Income from 3rd investment of Rs z

$=\operatorname{Rs} \frac{15z}{100}=0.15 z$

\begin{aligned} &\therefore \text { Total annual income }=\operatorname{Rs}(0.1 x+0.12 y+0.15 z)\\ &0.1 x+0.12 y+0.15 z=1310 \end{aligned}

Its given that the combined income from the first two income is Rs190 short of the income from the third.

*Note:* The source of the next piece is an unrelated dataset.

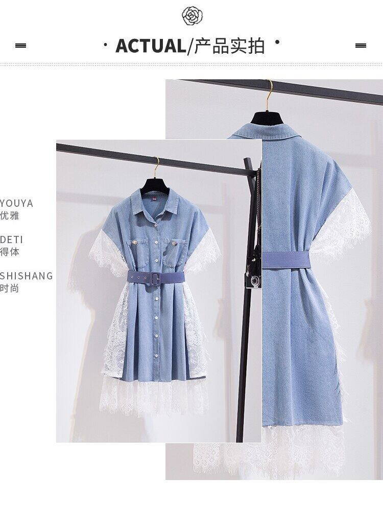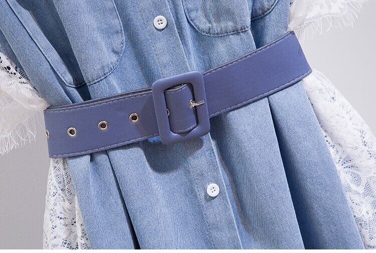 レースパッチワークレディースドレスラペルカラーウエストバンデージ膝丈デニムドレス2021夏 サマー 夏物

\begin{aligned} &0.1 x+0.12 y+0.15 z=190 \\ &-0.1 x-0.12 y+0.15 z=190 \\ &\text { Thus, } x+y+z=10000 \\ &0.1 x+0.12 y+0.15 z=1310 \\ &-0.1 x-0.12 y+0.15 z=190 \end{aligned}

\begin{aligned} &{\left[\begin{array}{ccc} 1 & 1 & 1 \\ 0.1 & 0.12 & 0.15 \\ -0.1 & -0.12 & 0.15 \end{array}\right]\left[\begin{array}{c} x \\ y \\ z \end{array}\right]=\left[\begin{array}{c} 10000 \\ 1310 \\ 190 \end{array}\right]} \\ &A X=B \\ &A=\left[\begin{array}{ccc} 1 & 1 & 1 \\ 0.1 & 0.12 & 0.15 \\ -0.1 & -0.12 & 0.15 \end{array}\right] \end{aligned}

\begin{aligned} &|A|=1(0.15 \times 0.12+0.15 \times 0.12)-1(0.15 \times 0.1+0.15 \times 0.1)+1(-0.1 \times 0.12+0.12 \times 0.1) \\ &|A|=0.036-0.0370 \\ &|A|=0.006 \end{aligned}

Let i,j be the cofactors of the elements

\begin{aligned} &a_{i j} \text { in } A=\left[a_{i j}\right] \\ &c_{11}=(-1)^{1+1}\left|\begin{array}{cc} 0.12 & 0.15 \\ -0.12 & 0.15 \end{array}\right|=0.036, c_{12}=(-1)^{1+2}\left|\begin{array}{cc} 0.1 & 0.15 \\ -0.1 & 0.15 \end{array}\right|=-0.036 \\ &c_{21}=(-1)^{2+1}\left|\begin{array}{cc} 1 & 1 \\ -0.12 & 0.15 \end{array}\right|=-0.27, c_{22}=(-1)^{2+2}\left|\begin{array}{cc} 1 & 1 \\ -0.1 & 0.15 \end{array}\right|=0.25 \end{aligned}

\begin{aligned} &c_{31}=(-1)^{3+1}\left|\begin{array}{cc} 1 & 1 \\ 0.12 & 0.15 \end{array}\right|=0.3, c_{32}=(-1)^{3+2}\left|\begin{array}{cc} 1 & 1 \\ 0.1 & 0.15 \end{array}\right|=-0.05 \\ &c_{13}=(-1)^{1+3}\left|\begin{array}{cc} 1 & 0.12 \\ -0.1 & -0.12 \end{array}\right|=0, c_{23}=(-1)^{2+3}\left|\begin{array}{cc} 1 & 1 \\ -0.1 & -0.12 \end{array}\right|=0.02 \\ &c_{33}=(-1)^{3+3}\left|\begin{array}{cc} 1 & 1 \\ 0.1 & 0.12 \end{array}\right|=0.02 \end{aligned}

\begin{aligned} &a d j A=\left[\begin{array}{ccc} 0.036 & -0.03 & 0 \\ -0.27 & 0.25 & 0.02 \\ 0.03 & -0.05 & 0.02 \end{array}\right]^{T} \\ &=\left[\begin{array}{ccc} 0.036 & -0.27 & 0.03 \\ -0.03 & 0.25 & -0.05 \\ 0 & 0.02 & 0.02 \end{array}\right] \end{aligned}

\begin{aligned} &A^{-1}=\frac{1}{|A|} a d j A \\ &=\frac{1}{0.006}\left[\begin{array}{ccc} 0.036 & -0.27 & 0.03 \\ -0.03 & 0.25 & -0.05 \\ 0 & 0.02 & 0.02 \end{array}\right] \\ &X=A^{-1} B \end{aligned}

\begin{aligned} &X=\left[\begin{array}{ccc} 0.036 & -0.27 & 0.03 \\ -0.03 & 0.25 & -0.05 \\ 0 & 0.02 & 0.02 \end{array}\right]\left[\begin{array}{c} 10000 \\ 1310 \\ 190 \end{array}\right] \\ &=\frac{1}{0.006}\left[\begin{array}{c} 360-353.7+5.7 \\ -300+327.5-9.5 \\ 0+26.2+3.8 \end{array}\right] \end{aligned}

\begin{aligned} &{\left[\begin{array}{l} x \\ y \\ z \end{array}\right]=\frac{1000}{6}\left[\begin{array}{l} 12 \\ 18 \\ 30 \end{array}\right]=\left[\begin{array}{c} 2000 \\ 3000 \\ 5000 \end{array}\right]} \\ &x=2000, y={{3000}, z=5000} \end{aligned}

Thus the three investments are of Rs 2000, Rs.3000, Rs 5000.